# First custom signature



## Daizu (Jul 15, 2010)

Was getting tired of looking at the Kingdom Hearts signature I practically stole. /shame

So, I decided to make my own and here it is. It's the first one I've ever made by myself, so if it looks a little... bad, you know why. Tell me what you guys think. =P







Also, a quick question. My signatures size is about 499 x 140. There's some text that I'd like to put below it, but that would make the signatures overall size 499 x 154 (Yes, I looked, just to be sure). I'm confused about the Forum rules on the signature. When it says my signature can't be more than 500 x 150, does it mean the whole thing?

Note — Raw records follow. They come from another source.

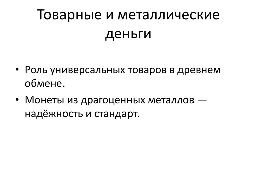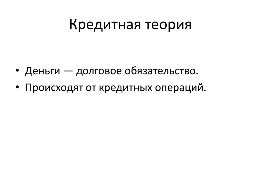 Металлистическая теория• Деньги — товар с внутренней стоимостью.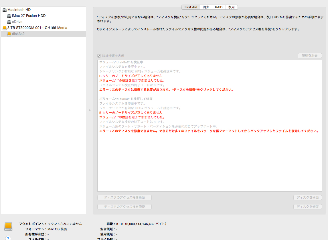 本日、外付け3TB HDD(disk3s2)の電源入れるもマウントしないため、ディスクユーティリティでディスク検証、修復するも、下記エラーでお手上げです。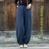 Damskie Retro Luźne Szorty Bawełniano-Lniane, Szerokie Nogawki, Ciemnoniebieskie

Or just the picture? I've removed the text for the time being to avoid getting a _second _ infraction on my signature. 
	

	
	
		
		

		
		
	


	




 (The first infraction wasn't about this)


----------



## Phoenix Goddess (Jul 15, 2010)

I think it looks very amazing.

You should post it in the "Your best artwork" thread, it's definitely artistic.



			
				QUOTE said:
			
		

> The maximum combined file size for all graphics in a member's avatar and signature is: 80Kb



Make sure it isn't over that amount.

I think they meant the picture going over 500 x 150 , but I'm not too sure.


----------



## Daizu (Jul 15, 2010)

phoenixgoddess27 said:
			
		

> I think it looks very amazing.
> 
> You should post it in the "Your best artwork" thread, it's definitely artistic.
> 
> ...



Thank you for your comment. =)

I figured that thread was for drawings only, but I'll look into it. I have a few drawings I could put on there anyway, I think...

I checked, they only go to about 60kb. (More or less)


----------



## Phoenix Goddess (Jul 15, 2010)

Daizu said:
			
		

> Thank you for your comment. =)
> 
> I figured that thread was for drawings only, but I'll look into it. I have a few drawings I could put on there anyway, I think...
> 
> I checked, they only go to about 60kb. (More or less)



You're welcome 
	

	
	
		
		

		
		
	


	




The thread is for what a person considers as art, there are tattoos, photography, poetry, art, graphics, all sorts in that thread.

You should be fine if you're under 80kb.


----------